Er bestaan enkele organisaties van homoseksuelen. De belangrijkste daarvan zijn de in 1993 opgerichte Lambda in Istanbul
en Kaos GL in Ankara. De organisaties organiseren wekelijkse activiteiten en enkele malen per jaar vindt een landelijke manifestatie plaats. Kaos GL geeft sinds 1994 het gelijknamige tweemaandelijks tijdschrift uit, dat in veel steden in alternatieve boekhandels te verkrijgen is. Belangenorganisaties worden getolereerd, maar ondervonden naar eigen zeggen in het verleden tegenwerking van lokale autoriteiten. In 1995 en 1996 zijn openbare manifestaties door de politie verboden. In 1999 en 2000 konden deze echter wel doorgang vinden
.

Transseksuelen

Transseksuele operaties zijn niet strafbaar en kunnen in Turkije plaatsvinden. Verandering van geslacht wordt door de autoriteiten formeel erkend. In identiteitsbewijzen e.d. wordt de nieuwe sekse aangetekend. Ook kunnen personen daarna in het huwelijk treden. Een voorbeeld hiervan is de beroemde zanger Bülent Ersoy, die in 1980 van geslacht is veranderd en in 1999 als vrouw in het huwelijk is getreden. De transseksueel Melike Demir geniet onder de naam Demet bekendheid als voorvechtster van de positie van onder meer transseksuelen in Turkije. In het ontwerp van het nieuwe Burgerlijk Wetboek zou geslachtsverandering moeilijker worden toegelaten en voor gehuwde personen verboden worden
. De positie van transseksuelen in de Turkse samenleving is voor het overige vergelijkbaar met de boven omschreven positie van homoseksuelen.

Travestieten

In Istanbul zouden ongeveer 3.000 travestieten woonachtig zijn . Een nationaal bekende travestiet is Huysuz Virjin, die een populaire talkshow op de televisie presenteert. De in 1996 overleden travestiete zanger Zeki Müren kreeg staatbegrafenis wegens zijn verdiensten als zanger. De positie van transseksuelen in de Turkse samenleving is voor het overige vergelijkbaar met de boven omschreven positie van homoseksuelen.

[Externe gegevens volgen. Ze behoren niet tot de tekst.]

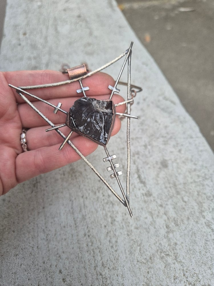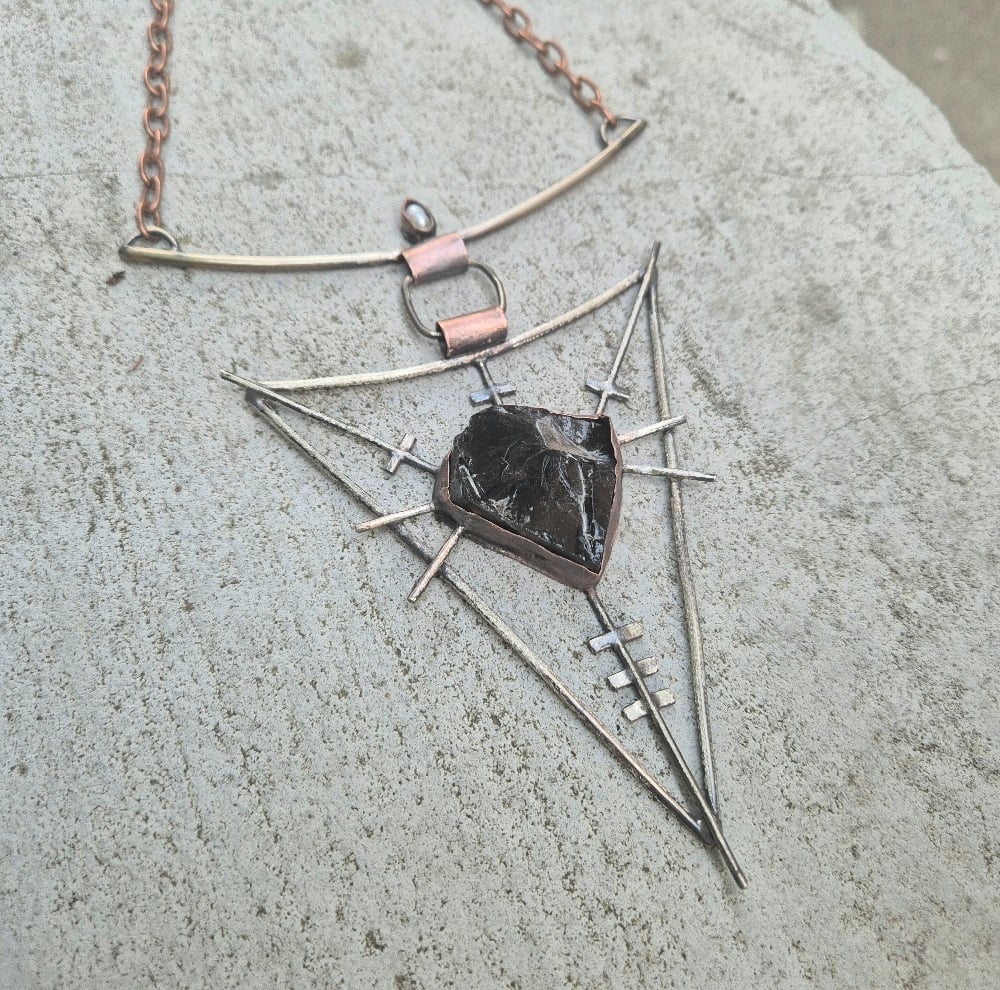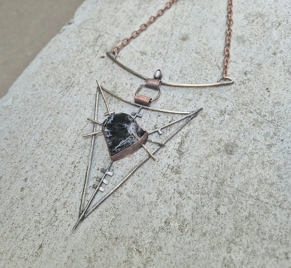 I made this necklace of copper, german silver, rauchtopaz and pearl

In een separaat ambtsbericht werd ingegaan op de dienstplicht in Turkije . Een nieuw ambtsbericht over dit onderwerp is gepland voor zomer 2001.

De opvang van minderjarigen van wie de beide ouders om welke reden dan ook niet in staat zijn het gezag uit te oefenen, geschiedt in de regel binnen de familie. In vrijwel alle gevallen worden familieleden van de minderjarige bereid gevonden de kinderen op te vangen. Dit geldt ook voor alleenstaande minderjarige asielzoekers die vanuit het land waar zij asiel hebben aangevraagd naar Turkije worden teruggestuurd. Van de personen die in de afgelopen twee jaar bij hun asielaanvraag in Nederland aangaven AMA te zijn, zijn in vrijwel alle onderzochte gevallen de ouders of wettelijke vertegenwoordigers aangetroffen.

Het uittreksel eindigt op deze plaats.